▸ **Exercise objective**: Lines with "escola": please show every one of them from the listing below.

==================================================

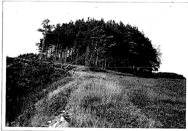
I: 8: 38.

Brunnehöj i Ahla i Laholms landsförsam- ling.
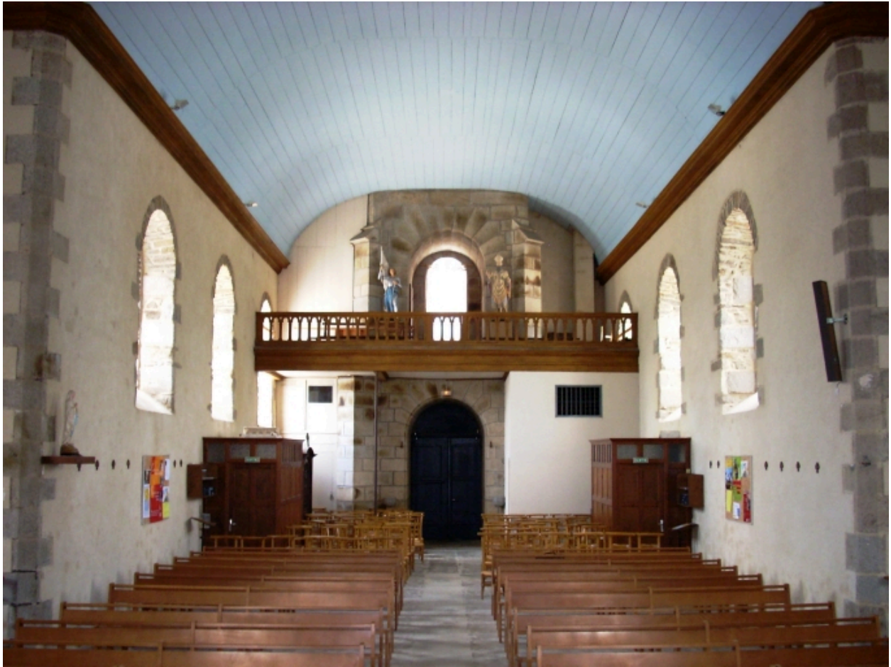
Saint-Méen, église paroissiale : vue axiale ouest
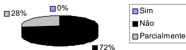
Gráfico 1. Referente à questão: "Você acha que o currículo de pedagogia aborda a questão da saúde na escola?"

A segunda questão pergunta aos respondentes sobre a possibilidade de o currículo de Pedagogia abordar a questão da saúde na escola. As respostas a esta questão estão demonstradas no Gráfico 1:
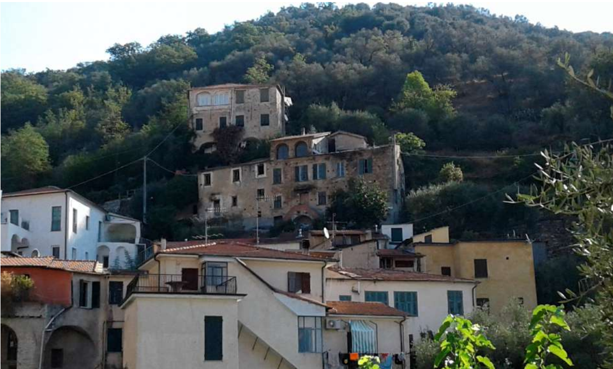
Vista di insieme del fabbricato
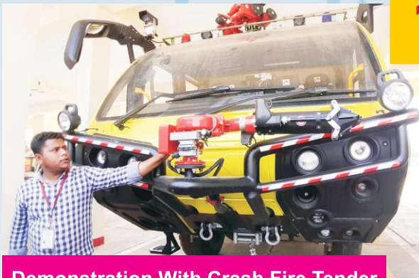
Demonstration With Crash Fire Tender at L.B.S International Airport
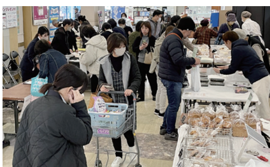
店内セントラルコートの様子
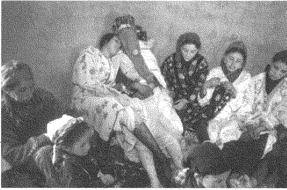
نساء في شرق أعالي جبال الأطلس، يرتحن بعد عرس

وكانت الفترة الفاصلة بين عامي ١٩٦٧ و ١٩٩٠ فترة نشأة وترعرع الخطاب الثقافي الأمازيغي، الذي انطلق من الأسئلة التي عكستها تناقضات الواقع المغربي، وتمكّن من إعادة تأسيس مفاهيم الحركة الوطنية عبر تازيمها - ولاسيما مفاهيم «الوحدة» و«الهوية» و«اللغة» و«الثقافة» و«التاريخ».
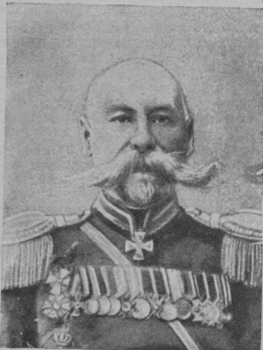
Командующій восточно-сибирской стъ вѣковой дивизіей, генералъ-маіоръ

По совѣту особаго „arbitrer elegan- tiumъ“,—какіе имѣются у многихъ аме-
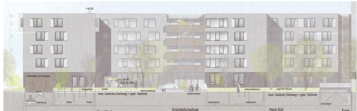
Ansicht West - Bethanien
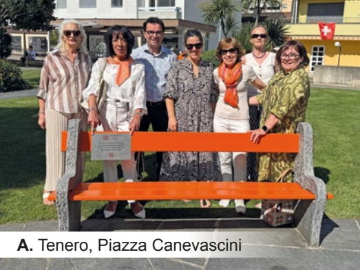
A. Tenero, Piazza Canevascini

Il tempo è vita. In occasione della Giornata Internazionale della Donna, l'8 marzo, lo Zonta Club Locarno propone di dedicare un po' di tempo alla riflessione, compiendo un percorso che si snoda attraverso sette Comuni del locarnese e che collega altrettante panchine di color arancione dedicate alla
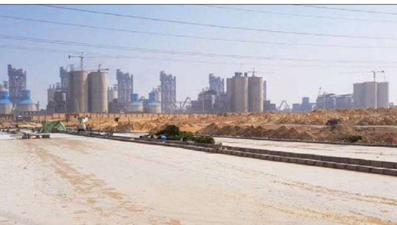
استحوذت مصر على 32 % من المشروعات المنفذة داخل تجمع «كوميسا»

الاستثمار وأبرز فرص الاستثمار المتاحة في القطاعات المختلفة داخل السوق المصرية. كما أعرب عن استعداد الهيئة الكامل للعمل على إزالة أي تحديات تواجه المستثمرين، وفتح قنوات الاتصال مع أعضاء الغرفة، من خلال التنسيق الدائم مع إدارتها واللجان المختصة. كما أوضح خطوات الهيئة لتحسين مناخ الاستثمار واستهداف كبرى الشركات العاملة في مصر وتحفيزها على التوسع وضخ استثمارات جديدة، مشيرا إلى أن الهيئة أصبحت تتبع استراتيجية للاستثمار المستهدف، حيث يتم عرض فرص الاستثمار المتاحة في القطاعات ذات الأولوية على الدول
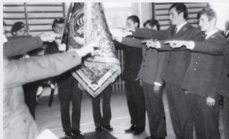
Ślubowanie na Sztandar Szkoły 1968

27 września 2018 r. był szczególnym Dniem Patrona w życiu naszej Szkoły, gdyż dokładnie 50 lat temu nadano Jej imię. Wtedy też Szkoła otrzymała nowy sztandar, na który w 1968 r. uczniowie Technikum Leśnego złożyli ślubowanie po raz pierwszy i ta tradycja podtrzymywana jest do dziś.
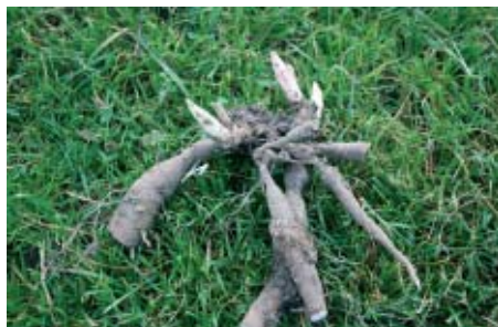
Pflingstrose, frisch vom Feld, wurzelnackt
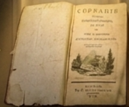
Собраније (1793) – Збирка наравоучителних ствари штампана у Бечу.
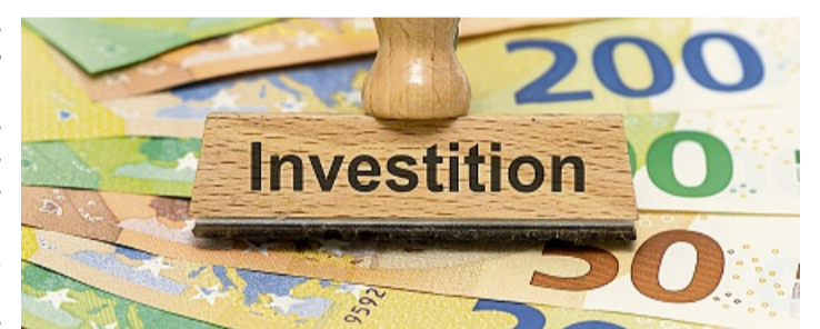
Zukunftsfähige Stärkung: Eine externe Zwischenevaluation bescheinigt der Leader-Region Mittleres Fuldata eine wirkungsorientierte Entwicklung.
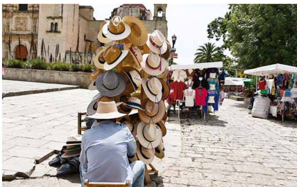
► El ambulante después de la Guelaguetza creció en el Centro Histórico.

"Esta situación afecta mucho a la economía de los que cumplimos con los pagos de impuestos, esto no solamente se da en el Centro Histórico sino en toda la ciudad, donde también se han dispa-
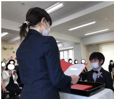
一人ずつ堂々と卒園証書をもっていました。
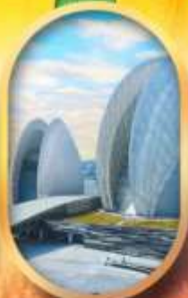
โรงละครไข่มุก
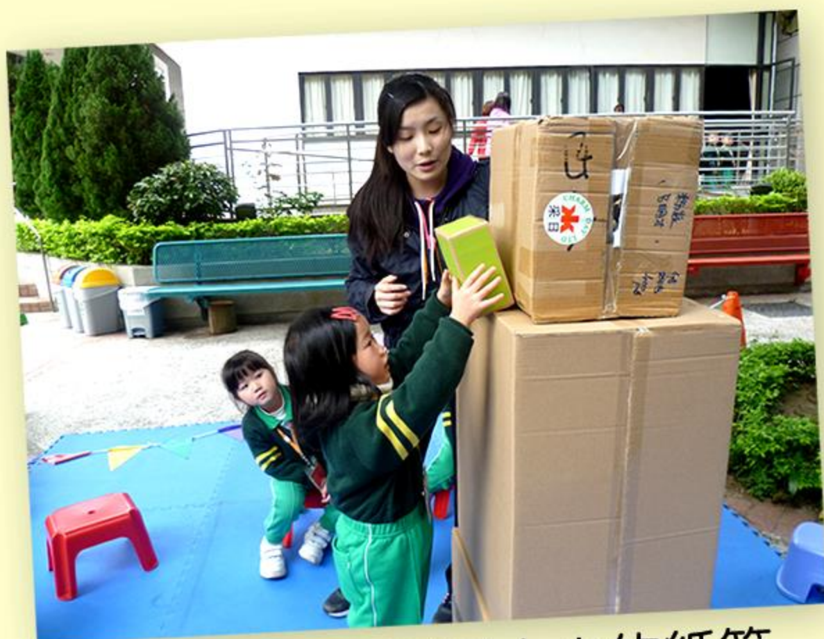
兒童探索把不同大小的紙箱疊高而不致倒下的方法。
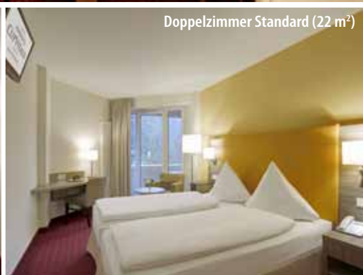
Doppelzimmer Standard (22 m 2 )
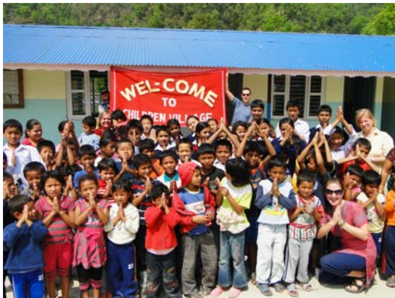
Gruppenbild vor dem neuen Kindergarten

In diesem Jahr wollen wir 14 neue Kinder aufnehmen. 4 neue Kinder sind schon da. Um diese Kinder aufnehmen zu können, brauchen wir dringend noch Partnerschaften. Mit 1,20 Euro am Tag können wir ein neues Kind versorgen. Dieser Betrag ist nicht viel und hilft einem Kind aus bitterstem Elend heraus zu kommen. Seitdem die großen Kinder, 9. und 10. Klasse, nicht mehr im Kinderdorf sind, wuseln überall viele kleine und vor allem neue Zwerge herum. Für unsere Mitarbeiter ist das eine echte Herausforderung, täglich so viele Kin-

==================================================

▸ **Answer section**:
Gráfico 1. Referente à questão: "Você acha que o currículo de pedagogia aborda a questão da saúde na escola?"
A segunda questão pergunta aos respondentes sobre a possibilidade de o currículo de Pedagogia abordar a questão da saúde na escola. As respostas a esta questão estão demonstradas no Gráfico 1:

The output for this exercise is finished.